‘Thoughtful PR Review’ is now a requirement for all data jobs

How do you review your data project PRs?

Dave Flynn
In the Pipeline
5 min readApr 30, 2024

--

Experience performing comprehensive PR review is now a required skill for all data roles, from data engineer to data scientist. Your data team is probably adopting software engineering practices like version control and formalized PR review but, there’s a twist, you’ve got to review the data, as well as the code.

A mock classified ad from a newspaper wanted section looking for a dbt PR reviewer
Must be able to comfortably use Git and give thoughtful PR reviews

I saw this post on LinkedIn recently by Nirmal Budhathoki, a senior Data Scientist at Microsoft, that discussed Git and PR review as ‘realistic’ skills that data scientists need to adopt:

…we came across a unique DS job (ad) that seems to be interesting and more realistic…It actually talks about GIT and PR reviews. This is one of the skills data scientists need to inherit from software engineering…

Nirmal Budhathoki (Senior Data Scientist @ Microsoft)

Nirmal really hit the nail on the head. Good PR review is taken for granted and, the truth is, having the ability to understand data impact caused by code change is a core skill for any role working in a data team regardless of if it’s explicitly mentioned in a job ad.
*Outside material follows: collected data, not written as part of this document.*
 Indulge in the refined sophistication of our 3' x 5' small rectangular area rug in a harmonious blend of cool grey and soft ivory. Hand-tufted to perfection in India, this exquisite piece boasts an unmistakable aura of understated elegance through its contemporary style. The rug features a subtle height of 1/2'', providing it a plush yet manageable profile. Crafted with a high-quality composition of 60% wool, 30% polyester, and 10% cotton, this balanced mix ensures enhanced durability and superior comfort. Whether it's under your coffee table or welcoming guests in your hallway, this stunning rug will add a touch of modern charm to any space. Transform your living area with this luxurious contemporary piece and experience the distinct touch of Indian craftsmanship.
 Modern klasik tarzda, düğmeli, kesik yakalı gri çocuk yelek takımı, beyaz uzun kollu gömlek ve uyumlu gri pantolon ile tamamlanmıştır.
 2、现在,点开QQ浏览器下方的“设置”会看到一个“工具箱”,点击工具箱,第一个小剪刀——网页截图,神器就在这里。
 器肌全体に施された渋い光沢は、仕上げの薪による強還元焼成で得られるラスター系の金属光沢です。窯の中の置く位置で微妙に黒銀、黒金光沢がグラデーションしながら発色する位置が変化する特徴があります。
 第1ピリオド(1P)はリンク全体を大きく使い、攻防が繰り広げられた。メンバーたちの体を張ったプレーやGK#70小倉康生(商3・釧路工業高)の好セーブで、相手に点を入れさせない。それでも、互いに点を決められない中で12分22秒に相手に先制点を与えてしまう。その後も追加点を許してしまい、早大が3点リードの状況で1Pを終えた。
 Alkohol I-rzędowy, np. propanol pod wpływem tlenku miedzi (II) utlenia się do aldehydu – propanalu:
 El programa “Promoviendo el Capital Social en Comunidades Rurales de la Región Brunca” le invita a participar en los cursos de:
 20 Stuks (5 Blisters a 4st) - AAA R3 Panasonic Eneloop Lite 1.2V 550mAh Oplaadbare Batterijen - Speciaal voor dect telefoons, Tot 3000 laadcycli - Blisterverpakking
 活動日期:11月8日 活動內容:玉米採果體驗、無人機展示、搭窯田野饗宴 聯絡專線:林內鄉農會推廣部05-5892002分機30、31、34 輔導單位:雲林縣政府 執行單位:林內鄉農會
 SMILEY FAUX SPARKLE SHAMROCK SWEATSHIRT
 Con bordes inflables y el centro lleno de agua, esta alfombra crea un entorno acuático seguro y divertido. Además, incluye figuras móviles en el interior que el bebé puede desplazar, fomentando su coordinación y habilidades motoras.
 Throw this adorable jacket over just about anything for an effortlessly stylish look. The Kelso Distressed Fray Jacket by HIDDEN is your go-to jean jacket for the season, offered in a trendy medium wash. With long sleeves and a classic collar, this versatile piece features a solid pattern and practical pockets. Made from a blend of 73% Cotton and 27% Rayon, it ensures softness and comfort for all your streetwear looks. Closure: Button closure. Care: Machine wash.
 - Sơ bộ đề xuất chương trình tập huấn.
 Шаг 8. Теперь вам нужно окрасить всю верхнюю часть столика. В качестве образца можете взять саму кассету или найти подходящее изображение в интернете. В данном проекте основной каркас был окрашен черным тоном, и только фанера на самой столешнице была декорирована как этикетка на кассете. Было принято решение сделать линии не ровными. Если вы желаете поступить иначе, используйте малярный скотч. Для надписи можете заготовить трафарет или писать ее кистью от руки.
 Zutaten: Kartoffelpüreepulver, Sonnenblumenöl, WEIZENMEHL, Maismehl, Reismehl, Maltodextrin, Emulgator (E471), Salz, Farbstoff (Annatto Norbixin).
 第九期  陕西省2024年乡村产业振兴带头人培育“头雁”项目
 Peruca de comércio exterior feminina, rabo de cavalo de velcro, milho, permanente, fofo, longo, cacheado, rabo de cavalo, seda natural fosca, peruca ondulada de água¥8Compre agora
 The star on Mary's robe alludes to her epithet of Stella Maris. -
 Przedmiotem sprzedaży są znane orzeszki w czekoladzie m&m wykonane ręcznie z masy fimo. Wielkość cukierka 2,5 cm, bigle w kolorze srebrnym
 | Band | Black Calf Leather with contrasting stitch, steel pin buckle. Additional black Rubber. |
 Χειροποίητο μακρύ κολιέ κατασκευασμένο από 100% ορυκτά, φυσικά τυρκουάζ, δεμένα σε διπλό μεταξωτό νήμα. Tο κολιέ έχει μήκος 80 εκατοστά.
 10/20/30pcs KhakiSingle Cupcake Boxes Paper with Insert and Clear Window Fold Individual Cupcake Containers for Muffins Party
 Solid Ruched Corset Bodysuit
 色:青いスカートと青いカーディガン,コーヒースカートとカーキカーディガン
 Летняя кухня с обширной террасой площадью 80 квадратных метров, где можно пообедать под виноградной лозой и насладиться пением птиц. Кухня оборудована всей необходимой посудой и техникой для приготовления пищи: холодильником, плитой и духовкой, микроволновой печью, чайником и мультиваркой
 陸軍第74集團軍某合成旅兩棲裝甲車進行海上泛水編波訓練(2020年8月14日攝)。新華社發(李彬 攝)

Why PR review is so important for dbt data pipelines

When reviewing a PR, think of ‘PR’ as meaning ‘Point of no Return’ — as the reviewer you’re the last checkpoint before code is merged and prod data is changed.

Doc from Back to the Future 3 pointing at the ‘point of no return’ sign on the model train track to demonstrate the Delorean being pushed by a train to reach 88mph
Back to the Future III — Universal Pictures

The PR is the point of no return, the fail safe point, after you pass this point it’s ‘prod’ or bust!

Merging bad data into prod could mean days of downtime while you roll back code. This is in addition to the impact that the bad data had on the business. You need guardrails in place to validate changes and check the data before signing-off and merging code — This is what PR review is for.

Self-serve teams are growing

You’ve probably found that your data team is growing and more people from different roles are accessing your data project. A PR could come from anywhere, so reviewing it is a complex task:

  • Did the submitter do any validation?
  • Is the SQL optimized?
  • Is the business logic correct?
  • What’s the impact on the data?

The increased activity in your data project, and self-serve nature of dbt, means that PRs-per-week (PPW? shall we coin a new initialism?) is on the rise.

PRs-per-week are up

Analyzing some public dbt projects, peak PRs per week range from 9 for Open Source Observer, to 11 for Mattermost, and 18 for Cal-ITP. I’ve also spoken to some data folk who reported up to 100 PRs per week.

These are just a couple of reasons that better PR review is essential. The challenge now is to stay on top of the PR backlog, while still maintaining high quality review of each PR — and catch errors before merging to avoid firefighting afterwards.

How to Review PRs for dbt data projects

Ideally, you should have buy-in from the whole team, and implement a dbt pull request template that will enable your team to replicate a comprehensive PR review each time, with a predefined checklist of tasks. If you don’t have buy-in, and you’re left as the gatekeeper to merges, you can still add guardrails and validate yourself.

Intent and expectation

If you boil it down, you get two things from a good PR comment: The intent of the author, and the expected impact. It’s the expected impact that you need to validate, and this is where the unique aspect of reviewing a PR on a data project comes into play — how to exactly understand the data impact. You know what to look for, and what you shouldn’t see.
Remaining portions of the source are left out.